* _Task prompt_: There is one span to output from the data below: the lines starting at the line with "Műsor: Mendelssohn, Chopin, és" and ending at the line with "Дублёнка мужская на мехе енота IG-23013-2-EN". Output it exactly, ends included, nothing more.

──────── Provided data

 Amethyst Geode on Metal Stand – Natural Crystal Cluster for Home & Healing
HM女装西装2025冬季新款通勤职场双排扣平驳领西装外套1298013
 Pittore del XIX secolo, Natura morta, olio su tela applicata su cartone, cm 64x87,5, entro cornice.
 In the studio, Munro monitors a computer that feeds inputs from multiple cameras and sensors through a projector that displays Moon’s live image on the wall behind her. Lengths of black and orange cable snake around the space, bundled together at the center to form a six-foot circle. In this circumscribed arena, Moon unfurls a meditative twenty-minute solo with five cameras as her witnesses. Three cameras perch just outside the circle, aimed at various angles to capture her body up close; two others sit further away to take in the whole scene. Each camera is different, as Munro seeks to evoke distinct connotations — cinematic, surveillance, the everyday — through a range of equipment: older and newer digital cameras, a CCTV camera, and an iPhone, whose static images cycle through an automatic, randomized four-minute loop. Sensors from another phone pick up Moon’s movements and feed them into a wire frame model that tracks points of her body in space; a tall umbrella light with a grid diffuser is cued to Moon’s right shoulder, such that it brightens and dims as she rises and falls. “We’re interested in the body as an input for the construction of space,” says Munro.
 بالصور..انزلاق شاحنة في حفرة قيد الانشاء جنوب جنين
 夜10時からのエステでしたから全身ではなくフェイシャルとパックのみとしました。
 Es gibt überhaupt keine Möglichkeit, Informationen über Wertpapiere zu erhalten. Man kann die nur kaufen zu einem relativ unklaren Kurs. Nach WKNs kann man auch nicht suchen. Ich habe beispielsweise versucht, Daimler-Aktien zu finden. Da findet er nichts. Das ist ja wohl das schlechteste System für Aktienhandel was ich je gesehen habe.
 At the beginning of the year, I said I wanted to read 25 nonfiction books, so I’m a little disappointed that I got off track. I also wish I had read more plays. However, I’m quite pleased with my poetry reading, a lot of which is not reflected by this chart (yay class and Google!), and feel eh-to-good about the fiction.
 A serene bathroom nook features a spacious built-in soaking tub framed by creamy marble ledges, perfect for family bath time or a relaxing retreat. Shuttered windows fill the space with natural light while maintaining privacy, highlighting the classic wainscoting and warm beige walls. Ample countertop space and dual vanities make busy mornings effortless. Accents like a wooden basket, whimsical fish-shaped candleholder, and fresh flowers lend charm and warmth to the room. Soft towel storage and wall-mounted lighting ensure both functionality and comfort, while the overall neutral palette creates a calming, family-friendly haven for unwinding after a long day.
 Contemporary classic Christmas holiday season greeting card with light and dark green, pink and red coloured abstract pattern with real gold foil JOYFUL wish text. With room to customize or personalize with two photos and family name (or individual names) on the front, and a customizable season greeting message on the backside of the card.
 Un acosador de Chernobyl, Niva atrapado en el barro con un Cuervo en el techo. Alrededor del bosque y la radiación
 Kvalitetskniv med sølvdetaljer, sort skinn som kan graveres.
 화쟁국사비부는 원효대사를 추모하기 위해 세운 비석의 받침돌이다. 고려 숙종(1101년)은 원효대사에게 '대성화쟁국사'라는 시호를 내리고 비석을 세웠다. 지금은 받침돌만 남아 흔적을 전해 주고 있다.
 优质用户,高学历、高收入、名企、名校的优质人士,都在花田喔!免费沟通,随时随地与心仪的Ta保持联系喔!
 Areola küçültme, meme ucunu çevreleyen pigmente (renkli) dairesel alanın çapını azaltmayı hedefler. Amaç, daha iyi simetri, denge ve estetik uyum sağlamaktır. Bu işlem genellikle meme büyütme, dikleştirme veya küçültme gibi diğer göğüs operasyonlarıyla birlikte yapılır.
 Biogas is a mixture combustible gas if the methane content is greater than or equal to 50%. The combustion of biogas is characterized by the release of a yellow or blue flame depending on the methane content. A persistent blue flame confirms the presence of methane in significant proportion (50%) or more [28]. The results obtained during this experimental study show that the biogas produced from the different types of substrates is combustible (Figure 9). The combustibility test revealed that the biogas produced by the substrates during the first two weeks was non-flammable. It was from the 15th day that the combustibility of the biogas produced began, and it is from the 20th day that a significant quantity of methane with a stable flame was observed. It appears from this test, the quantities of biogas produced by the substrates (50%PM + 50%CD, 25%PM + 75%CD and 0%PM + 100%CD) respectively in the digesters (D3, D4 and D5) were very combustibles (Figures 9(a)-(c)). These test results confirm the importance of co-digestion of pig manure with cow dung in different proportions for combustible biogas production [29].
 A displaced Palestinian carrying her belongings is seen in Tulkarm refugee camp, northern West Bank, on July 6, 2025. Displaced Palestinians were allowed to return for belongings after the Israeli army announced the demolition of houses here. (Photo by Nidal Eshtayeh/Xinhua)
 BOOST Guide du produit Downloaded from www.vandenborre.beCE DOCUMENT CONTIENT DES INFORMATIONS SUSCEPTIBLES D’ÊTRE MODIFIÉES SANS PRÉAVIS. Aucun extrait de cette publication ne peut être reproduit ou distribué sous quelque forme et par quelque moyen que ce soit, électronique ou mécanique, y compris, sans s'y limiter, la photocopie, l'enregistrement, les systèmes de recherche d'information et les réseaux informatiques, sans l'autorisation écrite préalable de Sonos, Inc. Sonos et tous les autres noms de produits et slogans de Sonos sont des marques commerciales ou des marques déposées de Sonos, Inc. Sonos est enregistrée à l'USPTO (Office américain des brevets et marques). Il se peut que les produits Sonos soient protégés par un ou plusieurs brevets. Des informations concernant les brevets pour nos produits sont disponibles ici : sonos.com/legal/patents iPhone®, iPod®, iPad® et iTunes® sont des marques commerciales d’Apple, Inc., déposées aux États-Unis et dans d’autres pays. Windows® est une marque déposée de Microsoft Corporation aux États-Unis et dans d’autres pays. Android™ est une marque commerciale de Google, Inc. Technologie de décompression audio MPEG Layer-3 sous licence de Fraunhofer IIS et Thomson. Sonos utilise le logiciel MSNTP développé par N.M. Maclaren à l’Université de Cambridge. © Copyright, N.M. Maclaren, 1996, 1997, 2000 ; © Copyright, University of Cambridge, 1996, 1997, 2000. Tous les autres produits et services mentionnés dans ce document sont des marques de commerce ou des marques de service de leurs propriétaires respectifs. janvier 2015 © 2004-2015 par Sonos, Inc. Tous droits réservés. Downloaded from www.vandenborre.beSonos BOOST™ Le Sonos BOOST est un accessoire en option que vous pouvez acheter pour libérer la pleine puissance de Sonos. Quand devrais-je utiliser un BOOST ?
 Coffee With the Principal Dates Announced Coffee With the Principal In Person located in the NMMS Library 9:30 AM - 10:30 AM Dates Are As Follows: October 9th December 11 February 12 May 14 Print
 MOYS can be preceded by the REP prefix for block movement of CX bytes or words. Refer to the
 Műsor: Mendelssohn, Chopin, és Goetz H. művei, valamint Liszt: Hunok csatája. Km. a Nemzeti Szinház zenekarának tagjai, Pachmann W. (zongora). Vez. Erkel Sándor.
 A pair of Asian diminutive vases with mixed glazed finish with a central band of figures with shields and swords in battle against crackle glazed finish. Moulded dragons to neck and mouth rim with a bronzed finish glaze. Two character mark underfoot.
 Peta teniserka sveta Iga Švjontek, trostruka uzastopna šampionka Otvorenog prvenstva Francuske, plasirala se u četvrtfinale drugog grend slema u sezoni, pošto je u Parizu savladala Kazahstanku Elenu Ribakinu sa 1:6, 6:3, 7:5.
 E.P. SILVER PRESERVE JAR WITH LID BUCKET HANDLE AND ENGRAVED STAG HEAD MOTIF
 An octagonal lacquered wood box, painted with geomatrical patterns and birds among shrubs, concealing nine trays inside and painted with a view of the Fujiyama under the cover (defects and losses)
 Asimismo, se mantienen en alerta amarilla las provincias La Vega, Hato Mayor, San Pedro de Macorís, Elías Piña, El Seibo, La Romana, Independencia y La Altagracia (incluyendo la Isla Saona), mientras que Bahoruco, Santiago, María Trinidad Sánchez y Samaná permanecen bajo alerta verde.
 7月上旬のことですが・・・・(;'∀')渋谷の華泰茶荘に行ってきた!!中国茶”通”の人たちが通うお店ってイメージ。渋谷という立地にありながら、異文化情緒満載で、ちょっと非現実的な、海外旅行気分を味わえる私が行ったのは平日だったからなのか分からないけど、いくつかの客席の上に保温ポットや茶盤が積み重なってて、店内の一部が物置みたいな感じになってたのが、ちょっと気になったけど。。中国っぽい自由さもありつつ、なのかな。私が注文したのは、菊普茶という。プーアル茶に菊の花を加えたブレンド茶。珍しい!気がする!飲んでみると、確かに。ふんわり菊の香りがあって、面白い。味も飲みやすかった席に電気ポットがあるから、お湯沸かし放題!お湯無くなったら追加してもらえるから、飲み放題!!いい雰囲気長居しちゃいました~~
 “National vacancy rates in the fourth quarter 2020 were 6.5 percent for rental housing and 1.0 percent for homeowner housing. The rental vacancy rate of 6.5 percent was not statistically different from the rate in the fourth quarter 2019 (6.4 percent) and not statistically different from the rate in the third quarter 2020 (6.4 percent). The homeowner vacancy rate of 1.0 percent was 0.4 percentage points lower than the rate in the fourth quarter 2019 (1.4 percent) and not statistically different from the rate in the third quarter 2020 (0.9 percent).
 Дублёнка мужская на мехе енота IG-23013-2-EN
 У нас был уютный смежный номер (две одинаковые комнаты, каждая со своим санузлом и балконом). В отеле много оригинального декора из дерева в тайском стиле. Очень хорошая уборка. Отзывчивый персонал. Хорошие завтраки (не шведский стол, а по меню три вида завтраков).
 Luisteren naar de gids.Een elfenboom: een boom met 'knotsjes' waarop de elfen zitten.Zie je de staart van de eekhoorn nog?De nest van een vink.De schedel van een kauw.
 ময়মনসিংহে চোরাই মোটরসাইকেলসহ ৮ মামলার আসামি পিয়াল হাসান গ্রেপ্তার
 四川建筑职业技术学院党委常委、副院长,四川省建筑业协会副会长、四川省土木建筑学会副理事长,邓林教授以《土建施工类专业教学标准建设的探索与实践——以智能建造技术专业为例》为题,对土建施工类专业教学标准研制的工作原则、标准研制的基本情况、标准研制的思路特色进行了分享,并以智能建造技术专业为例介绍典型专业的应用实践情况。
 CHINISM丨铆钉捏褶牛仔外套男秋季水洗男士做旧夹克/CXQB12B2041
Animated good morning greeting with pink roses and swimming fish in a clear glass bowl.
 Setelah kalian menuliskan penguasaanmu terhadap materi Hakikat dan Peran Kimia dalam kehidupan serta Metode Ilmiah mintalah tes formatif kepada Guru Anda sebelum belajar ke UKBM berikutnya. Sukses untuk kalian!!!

────────────────

* _Response_:
 Műsor: Mendelssohn, Chopin, és Goetz H. művei, valamint Liszt: Hunok csatája. Km. a Nemzeti Szinház zenekarának tagjai, Pachmann W. (zongora). Vez. Erkel Sándor.
 A pair of Asian diminutive vases with mixed glazed finish with a central band of figures with shields and swords in battle against crackle glazed finish. Moulded dragons to neck and mouth rim with a bronzed finish glaze. Two character mark underfoot.
 Peta teniserka sveta Iga Švjontek, trostruka uzastopna šampionka Otvorenog prvenstva Francuske, plasirala se u četvrtfinale drugog grend slema u sezoni, pošto je u Parizu savladala Kazahstanku Elenu Ribakinu sa 1:6, 6:3, 7:5.
 E.P. SILVER PRESERVE JAR WITH LID BUCKET HANDLE AND ENGRAVED STAG HEAD MOTIF
 An octagonal lacquered wood box, painted with geomatrical patterns and birds among shrubs, concealing nine trays inside and painted with a view of the Fujiyama under the cover (defects and losses)
 Asimismo, se mantienen en alerta amarilla las provincias La Vega, Hato Mayor, San Pedro de Macorís, Elías Piña, El Seibo, La Romana, Independencia y La Altagracia (incluyendo la Isla Saona), mientras que Bahoruco, Santiago, María Trinidad Sánchez y Samaná permanecen bajo alerta verde.
 7月上旬のことですが・・・・(;'∀')渋谷の華泰茶荘に行ってきた!!中国茶”通”の人たちが通うお店ってイメージ。渋谷という立地にありながら、異文化情緒満載で、ちょっと非現実的な、海外旅行気分を味わえる私が行ったのは平日だったからなのか分からないけど、いくつかの客席の上に保温ポットや茶盤が積み重なってて、店内の一部が物置みたいな感じになってたのが、ちょっと気になったけど。。中国っぽい自由さもありつつ、なのかな。私が注文したのは、菊普茶という。プーアル茶に菊の花を加えたブレンド茶。珍しい!気がする!飲んでみると、確かに。ふんわり菊の香りがあって、面白い。味も飲みやすかった席に電気ポットがあるから、お湯沸かし放題!お湯無くなったら追加してもらえるから、飲み放題!!いい雰囲気長居しちゃいました~~
 “National vacancy rates in the fourth quarter 2020 were 6.5 percent for rental housing and 1.0 percent for homeowner housing. The rental vacancy rate of 6.5 percent was not statistically different from the rate in the fourth quarter 2019 (6.4 percent) and not statistically different from the rate in the third quarter 2020 (6.4 percent). The homeowner vacancy rate of 1.0 percent was 0.4 percentage points lower than the rate in the fourth quarter 2019 (1.4 percent) and not statistically different from the rate in the third quarter 2020 (0.9 percent).
 Дублёнка мужская на мехе енота IG-23013-2-EN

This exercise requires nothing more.